Reports until 22:14, Monday 21 May 2018
H1 CDS (DAQ)
david.barker@LIGO.ORG - posted 22:14, Monday 21 May 2018 - last comment - 07:45, Tuesday 22 May 2018(42114)
RCG-3.4.2 upgrade summary

WP7578. Hugh, Jenne, Jonathan, Dave:

After upgrading the H1 models to RCG-3.4.2 and the front ends to Gentoo 3.0.8 we ran into a Dolphin network manager issue at 3pm PDT. Given the lateness of the hour, we decided to revert back to rcg-3.2/gentoo 2.6.34. All systems are now back with the exception of the HAM Seismic systems which are crashing on start-up. We will resolve this in the morning.

During the reversion process all three of the Gen-2 front end systems (h1suse[x,y], h1lsc0) lost connection with their IO Chassis and required a full system power cycle. This is unusual as recently only h1susex has infrequently required this type of reboot.

To revert, I restored the archived target directories, the IPC file, the original INI and PAR files for those systems whose code had changed and the DHCP service on h1boot.

 

Comments related to this report
keith.thorne@LIGO.ORG - 07:13, Tuesday 22 May 2018 (42115)
This is consistent with what was seen at LLO - see aLOG entries aLOG 38382, aLOG 28392, aLOG 38401.
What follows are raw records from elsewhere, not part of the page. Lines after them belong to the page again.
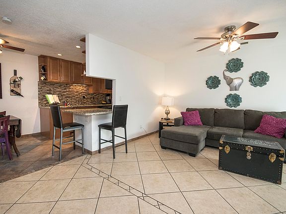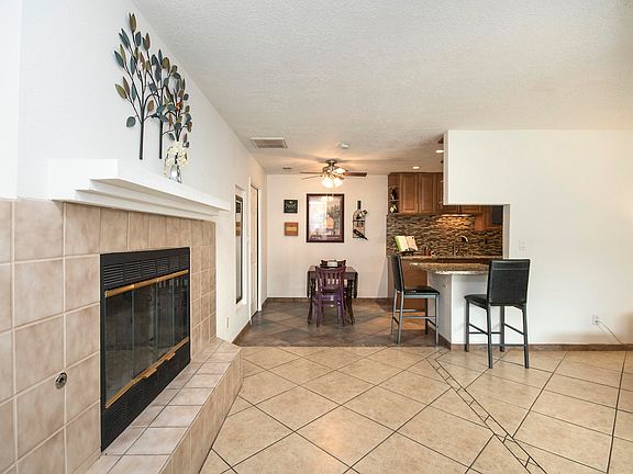 Take in the gorgeous views of the Sandia Mountains from this Vista Del Rey condo! This home features a fantastic upgraded kitchen with upgraded cabinets, granite countertops, tile backsplash and stainless steel appliances. Floor plan features 3 bedrooms and 2.5 baths, direct access to garage from the house, open living room with tile floors and a wood burning fireplace! All carpet was replaced by nice laminate flooring on stairs and bedrooms. * Tankless water heater * Water Softener * New Refrigerated air Unit added in 2017! This home has been exquisitely maintained and along with the well manicured grounds cared for by the HOA, this condo is a gem in the foothills!
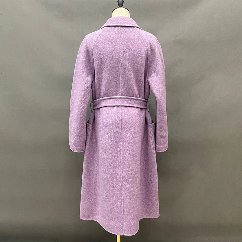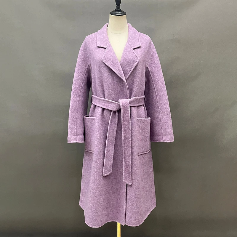 Winter Belted Long Wool Coat Elegant Handmade Overcoat Long Cashmere Coat for Women
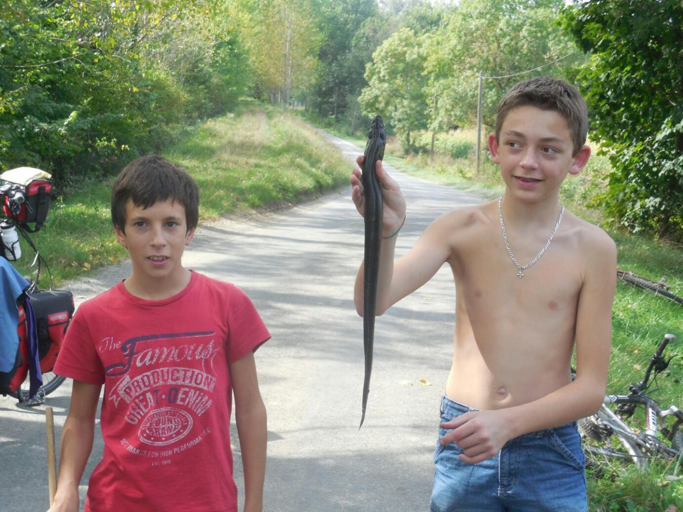 The two youngsters were Dylan and Lucas, and unlike all the other French fisheremen we had seen, they actually caught something. It seemed to us that it might be an eel, leaving us to speculate on what eel recipes they might bring into play when they got home. Anyway, here's to Dylan and Lucas, the two greatest fishers we have found in France!
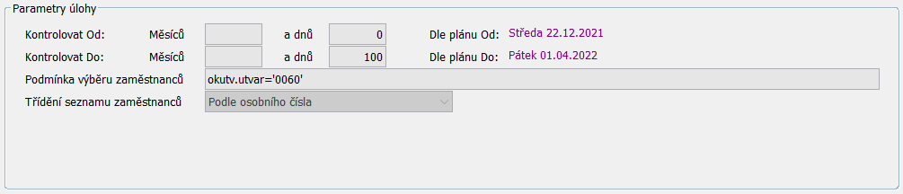 Kontrolovat Od: Měsíců a dnů - počet měsíců a/nebo dnů „od“ vzhledem k datu spuštění (pro kontrolu datumu v záznamu), tj. doba kontroly zpět. Je-li 0 (nula), kontroluje se od data spuštění. Je-li nevyplněno, kontroluje se vše minulé.

This issue snuck up on us because we had not rebooted front-ends for many, many months.  It is related to PCIe expansion fiber aging and newer front-ends (10-core Intel V2 from 2015, 6-core Intel V4 from 2018).  Not all fibers have the same degradation (i.e. l1susex was fine).  Also newer fibers from 2015 seem OK as well (i.e. l1susey is fine)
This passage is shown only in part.